Practical management of hip dysplasia (Part 1): Diagnosis and decisions (Proceedings)
Canine hip dysplasia is a very common orthopedic condition and every small- or mixed-animal practitioner will see cases. Despite this, the management of this syndrome can be frustrating and confusing to the clinician as well as the client. Questions about prognosis, what surgery to recommend (and when), various aspects of medical management and more are difficult to answer definitively. This session and the next one will address these topics from the standpoint of the general practitioner working in a challenging economic climate. This first session will review the diagnosis of the disease and the meaning of the various findings. Additionally, we will explore the fundamental question of whether to pursue medical or surgical management for a given case scenario.

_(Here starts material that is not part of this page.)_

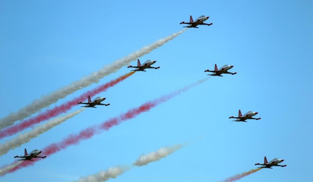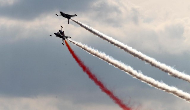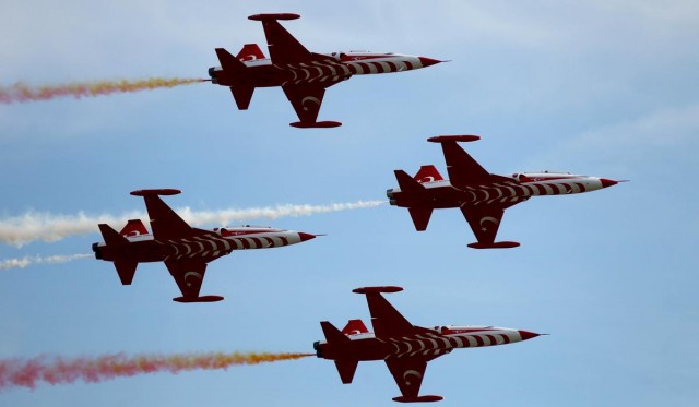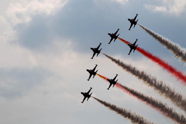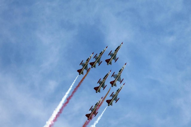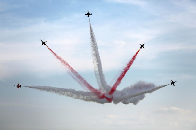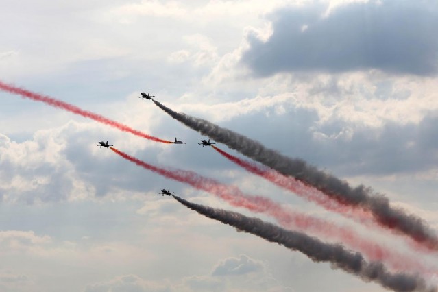 Türk Hava Kuvvetleri'nin akrobasi timi Türk Yıldızları, Polonya'nın Poznan kentinde düzenlenen havacılık festivali kapsamında gösteri uçuşu yaptı.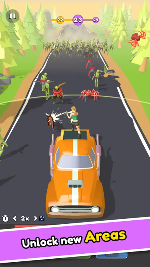 This highway is full of angry zombies, grab a gun and shoot the monsters wave by wave. To kick out these hordes of zombies, during the ride you can boost your attack, defense, and special characteristics. You have to buy the upgrades first, and you'll collect money for each enemy you kill. After that you can, for example, raise your damage or improve attack speed, increase your health, maximize your profit for each zombie or each wave you pass, etc.

Pathophysiology of hip dysplasia
Whenever the management of a disease process is not straightforward or well-defined, it is helpful to return to our understanding of the pathophysiology in order to guide our course of action. Clinical hip dysplasia arises from a complex interaction of genetic, nutritional and environmental factors. In a simple way, lax hips, perhaps in combination with inherent conformational inadequacies, allow biomechanical stresses to be placed on the adjacent soft tissues and on the joint itself. The stress on the capsule, muscles, and subchondral bone cause pain in young animals even before the development of arthritis. Eventually, the abnormal forces exerted across the joint will trigger the onset of arthritis which will progress to a greater or lesser degree and cause morbidity – even as the previous causes of discomfort fade. Understanding the sources of the clinical signs will help clinicians choose reasonable treatment courses, even though there is rarely a single appropriate course of action.Diagnostic options
As with any clinical problem, careful attention to signalment, history and physical examination findings is invaluable even before further radiographs are obtained. For example, pursuing aggressive treatment of a radiographically-diagnosed dog that is actually asymptomatic would likely be inappropriate. Similarly, despite significant disease, some breeds such as English bulldogs rarely require much in the way of intervention – at the least, attention should be paid to searching for other problems such as cruciate ligament tears. Clinical presentations that do not fit the "typical" pattern should be considered as an opportunity to pause and reassess – for instance, young dogs may display marked asymmetry in the lameness associated with hip dysplasia but it would be more likely for such a presentation to be due to panosteitis. Alternatively, an older dog with significant arthritis that suddenly displays lameness may have exacerbated the dysplasia, but is more likely to have sustained a cruciate injury or be suffering from acute spinal disease. Lastly, the physical examination may not provide a definitive diagnosis, but should be consistent with expectations. Findings such as proprioceptive deficits should stimulate a search for other diseases.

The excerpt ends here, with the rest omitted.